Hi,
Many thanks for the incredible work at genforce and for making it available to the world.
I got an unexpected exception when trying to train the encoder. Looking at the code, it appears to be caused by the code that creates the image snapshots.
If I would have to guess, perhaps there is something wrong with the .tfrecord files I'm using? No errors training the generator, though. Is it a requirement to use dataset_tool from the idinvert repo to generate the .tfrecord files?
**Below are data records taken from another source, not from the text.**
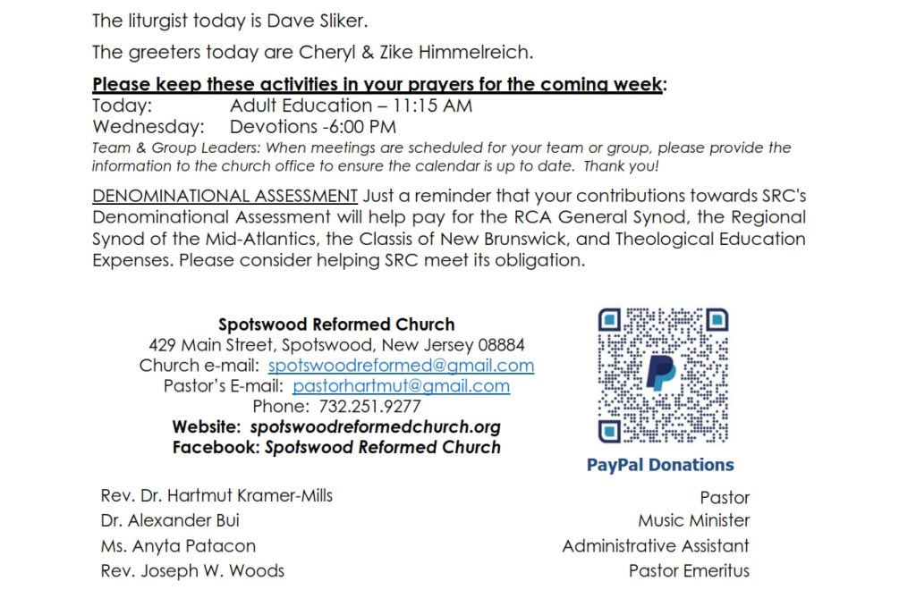 Spotswood Reformed Church is a congregation of the Reformed Church in America. Historically, the denomination has its roots in the Protestant Church of the Netherlands. It was organized in 1628 in New York City then New Amsterdam. The Spotswood congregation was founded in 1821 and has been a community church ever since. As Reformed Christians we believe in the lordship of Christ in all matters of life. Faith development and inclusive worship services form the basis for a variety of charitable ministries. Woodmere Senior Housing and Pixie Preschool were started by our church in order to address specific needs in the community. Today, we are a vibrant church family with an open and loving attitude. Our members come from communities like Spotswood, Helmetta, East Brunswick, Old Bridge, Jamesburg, and Monroe.
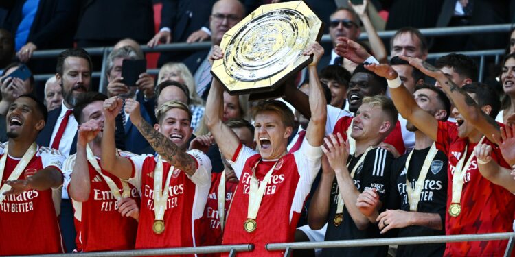 Arsenal won the Community Shield for the 17th time with a 4-1 penalty-shootout win over Premier League champions Manchester City following a 1-1 draw at Wembley.
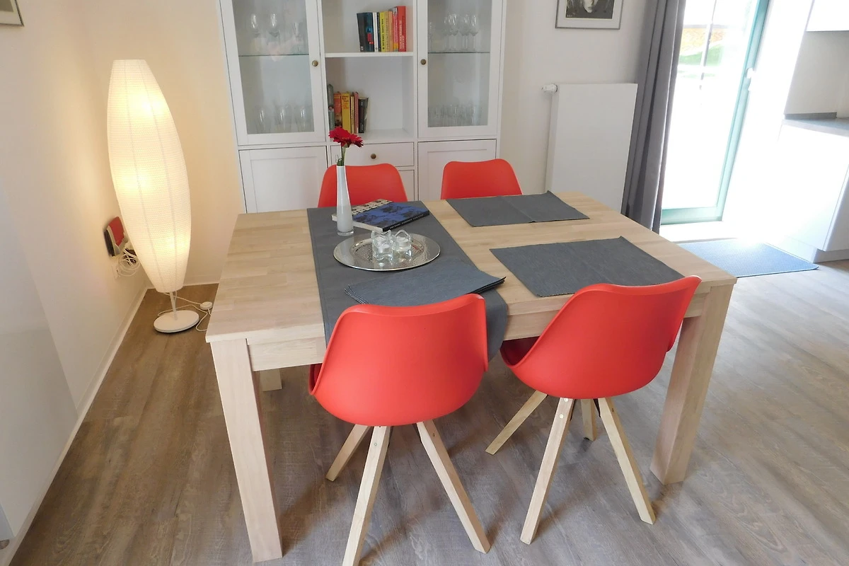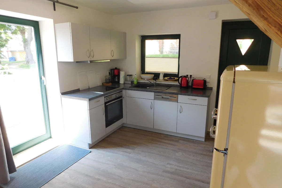 Aufbettungen für Kinder sind möglich. Beide Ferienhäuser sind nahezu identisch eingerichtet und Nichtraucher-Wohnbereiche. Im Erdgeschoss befindet sich eine Wohnküche mit gemütlicher Sitzecke, einem Ess- oder Arbeitstisch und dem Küchenbereich. Von hier aus haben Sie Zugang zu einer ca. 12 qm grossen Terrasse, die durch die Lage der Gebäude einen interessanten Blick auf das Kleinstadtflair erlaubt.
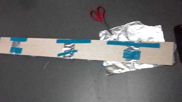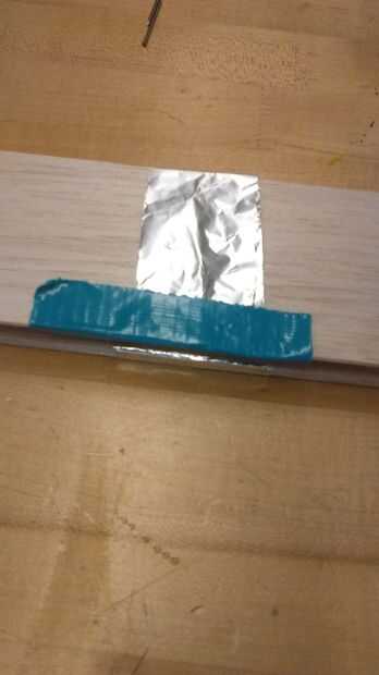 A continuación puede conseguir papel de aluminio y pone papel de estaño en los espacios entre la espuma y la cinta en lugar. Asegúrese de que añadir esto en ambas piezas de madera.
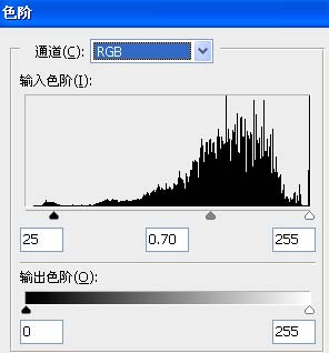 第八步、加暗角,建立“色階”調整層,設置如下,用大號黑色柔角畫筆在蒙板中以人物為中心擦一下即可,第一步所提到的問題在這里應該很明顯。最后新建一層,蓋印,然后磨皮、銳化、加字,完成。(用neatimage外掛和usm銳化,效果很不錯。)

Here's log.txt and the traceback:
dnnlib: Running training.training_loop_encoder.training_loop() on localhost...
Constructing networks...
E_gpu0 Params OutputShape WeightShape
Input_img - (?, 3, 256, 256) -
FromImg 4992 (?, 64, 256, 256) (5, 5, 3, 64)
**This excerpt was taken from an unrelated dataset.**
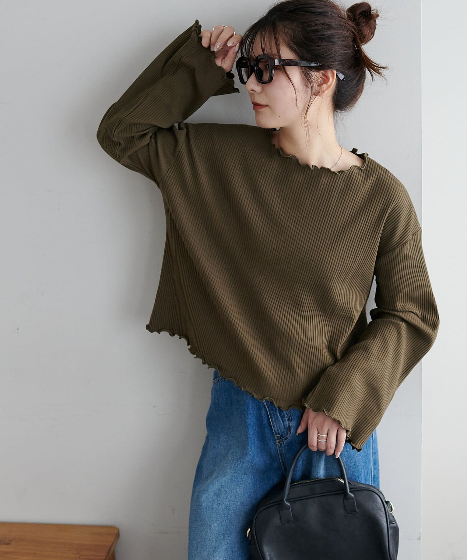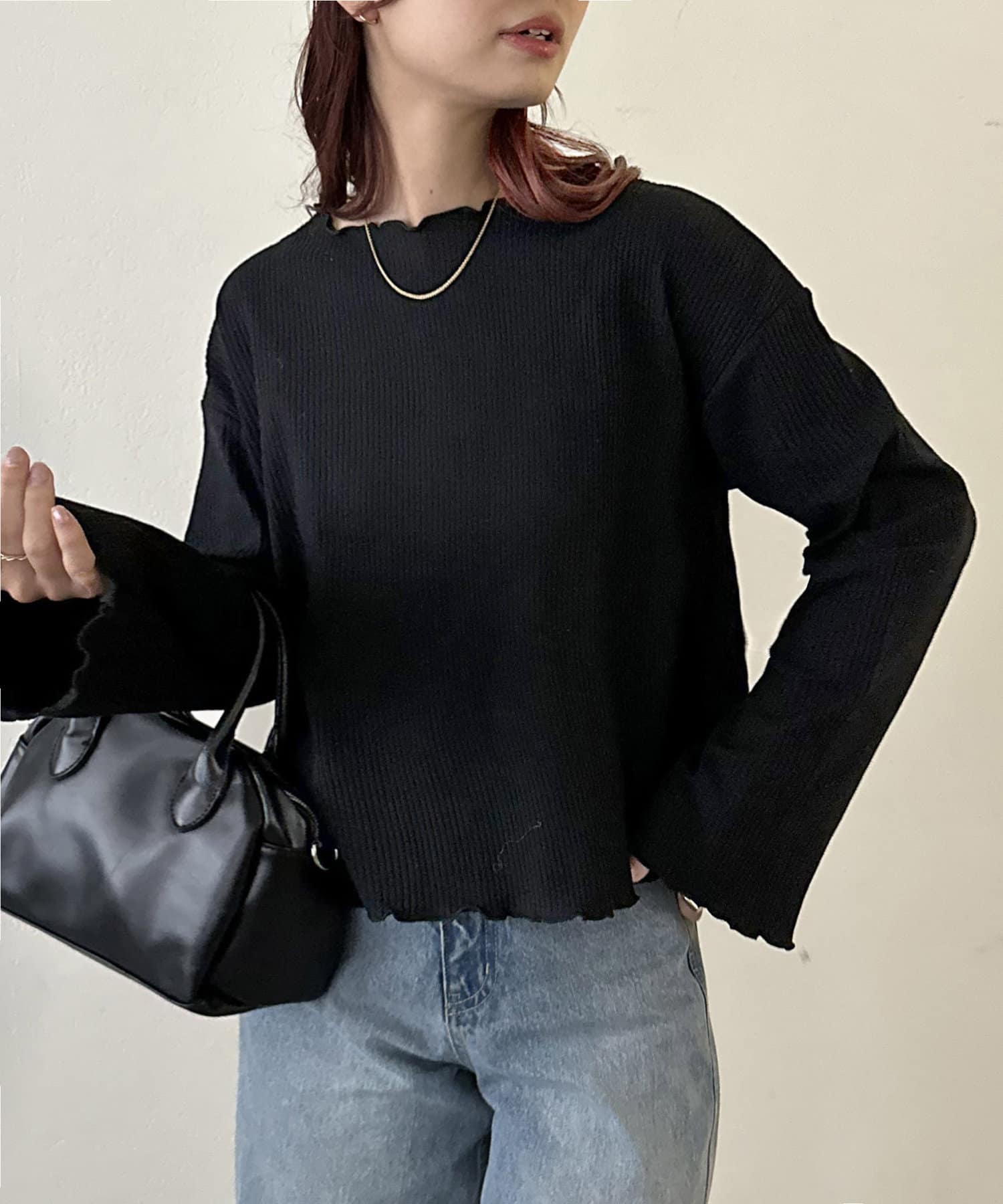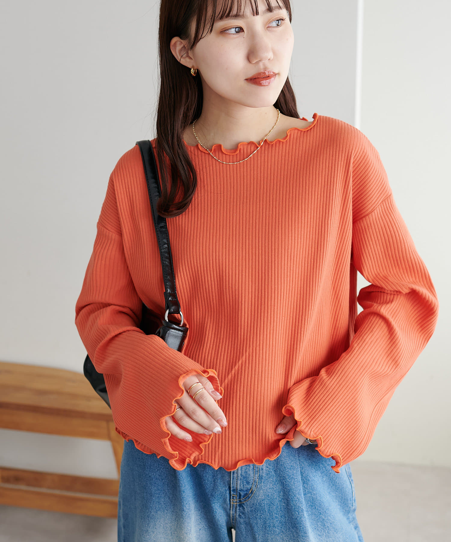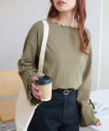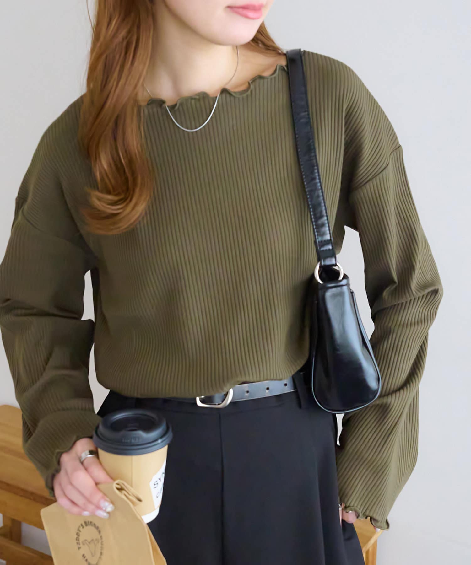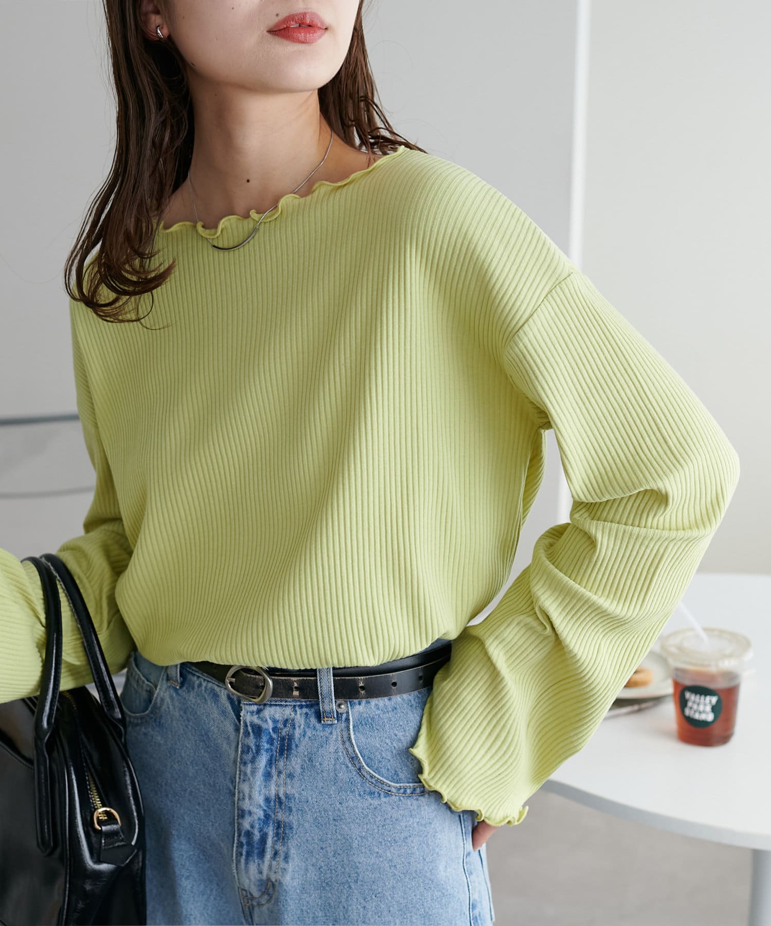 袖口、裾口、首元のメローデザインがポイントのリブトップス。

Downscale2D - (?, 64, 128, 128) -
E_block_0 119616 (?, 128, 128, 128) (3, 3, 64, 64)
Downscale2D_1 - (?, 128, 64, 64) -
E_block_1 476800 (?, 256, 64, 64) (3, 3, 128, 128)
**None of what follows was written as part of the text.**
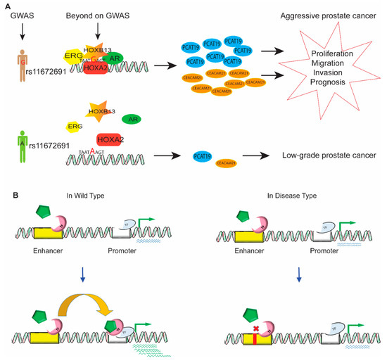 Successful completion of various human genome projects revealed that the human genome largely consists of noncoding DNA, which has no role in protein expression, but the preliminary result of the ENCODE project changed this presumption by defining the role of noncoding DNA in most (up to 80%) of the biochemical and regulatory activity of the genome. Genome-wide association studies and epigenomic profiling coupled with high-throughput sequencing have been used to identify a large number of genetic variations and chromosomal aberrations, which are risk factors for disease in the human genome, especially in cancer initiation and tumor progression [117]. However, it is still very difficult to determine the functional role of the genetic variations in noncoding DNA. These noncoding risk variants usually affect the cis-regulation of gene expression that results in the phenotypic variations in complex traits and cancer. For example, the risk SNP rs11672691, which is associated with aggressive prostate cancer, mediated the interaction of promoters and enhancers and regulated the expression of lncRNA PCAT19 [118,119]. Gao et al. revealed that the aggressive G allele of rs11672691 enhanced the binding of transcription factor HOXA2 and elevated the levels of the plausible candidate genes PCAT19 and CEACAM21, which are implicated in prostate cancer cell growth and progression (Figure 4A). A wide range of acting enhancers in the noncoding region of DNA participates in various regulatory activities of gene regulation and developmental processes. This part of the review discusses enhancer dysfunction due to genetic variations and chromosomal aberrations and addresses the ways these variations cause disease. Genetic variations and chromosomal aberrations affect the binding affinity of clusters of activators, mediators, and transcription factors, thereby dysregulating the expression of target genes and causing human disease (Figure 4B).

Downscale2D_2 - (?, 256, 32, 32) -
E_block_2 1903872 (?, 512, 32, 32) (3, 3, 256, 256)
Downscale2D_3 - (?, 512, 16, 16) -
E_block_3 4721664 (?, 512, 16, 16) (3, 3, 512, 512)
Downscale2D_4 - (?, 512, 8, 8) -
E_block_4 4721664 (?, 512, 8, 8) (3, 3, 512, 512)
Downscale2D_5 - (?, 512, 4, 4) -
E_block_5 4721664 (?, 512, 4, 4) (3, 3, 512, 512)
Latent_out 58741760 (?, 7168) (8192, 7168)
Total 75412032
Gs Params OutputShape WeightShape
latents_in - (?, 512) -
labels_in - (?, 0) -
lod - () -
dlatent_avg - (512,) -
G_mapping/latents_in - (?, 512) -
G_mapping/labels_in - (?, 0) -
G_mapping/PixelNorm - (?, 512) -
G_mapping/Dense0 262656 (?, 512) (512, 512)
G_mapping/Dense1 262656 (?, 512) (512, 512)
G_mapping/Dense2 262656 (?, 512) (512, 512)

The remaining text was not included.